Анализ транскриптомов
Практикум был выполнен для восьмой хромосомы.
копирование файла | cp ../Human/rnaseq_reads/chr8.1.fastq . |
---|---|
анализ качества чтений | fastqc chr8.1.fastq |
очистка чтений | java -jar /nfs/srv/databases/ngs/suvorova/trimmomatic/trimmomatic-0.30.jar SE -phred33 chr8.1.fastq chr8.1_trimmed.fastq TRAILING:20 MINLEN:50 |
анализ качества чтений [2] | fastqc chr8.1_trimmed.fastq* |
картирование чтений | hisat2 -x index -U chr8.1_trimmed.fastq -S chr8.1.sam --no-softclip |
перевод в .bam | samtools view -b -o chr8.1.bam chr8.1.sam |
сортировка чтений | samtools sort chr8.1.bam chr8.1_sorted |
индексирование файла | samtools index chr8.1_sorted.bam |
подсчет чтений | htseq-count -f bam chr8.1_sorted.bam -s no ../Human/rnaseq_reads/gencode.v19.chr_patch_hapl_scaff.annotation.gtf > results.txt |
подсчет генов с ненулевым наложением | grep -vw 0 results.txt |
*--no-spliced-alignment используется только для днк-чтений, так как части мРНК в геноме могут быть разделены интронами
![something went wrong](1.png)
Результат работы команды Trimmomatic:
Input Reads: 17763 Surviving: 17612 (99,15%) Dropped: 151 (0,85%)

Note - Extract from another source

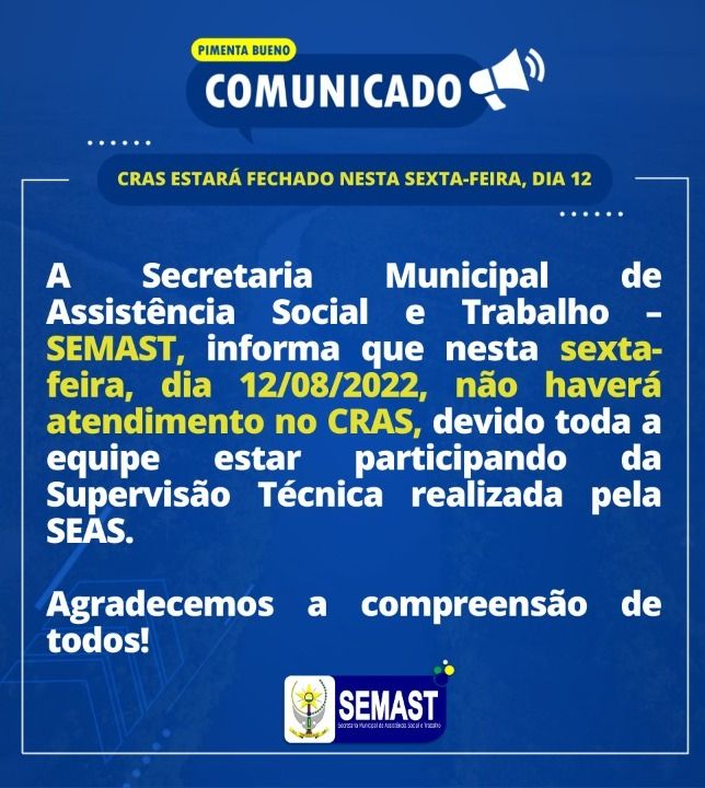 A Secretaria Municipal de Assistência Social e Trabalho – SEMAST, informa que nesta sexta-feira, dia 12/08/2022, não haverá atendimento no CRAS, devido toda a equipe estar participando da Supervisão Técnica realizada pela SEAS.

![something went wrong](2.png)
Скорее всего можно было обойтись и без триммирования. Убирается меньше процента чтений, и визуально разницы нет совершенно - изначально было довольно высокое качество.
Результат работы команды hisat2:
17612 reads; of these:
17612 (100.00%) were unpaired; of these:
301 (1.71%) aligned 0 times
17307 (98.27%) aligned exactly 1 time
4 (0.02%) aligned >1 times
98.29% overall alignment rate
На геном откартировалось 98,29% чтений. Качество хорошее.
Описание опций htseq-count:
- -f формат входных данных (sam по умолчанию)
- -s специфичность данных относительно какой-то цепи днк (yes - прямой - по умолчанию)
- -i атрибут GFF, используемый как feature ID (gene_id по умолчанию)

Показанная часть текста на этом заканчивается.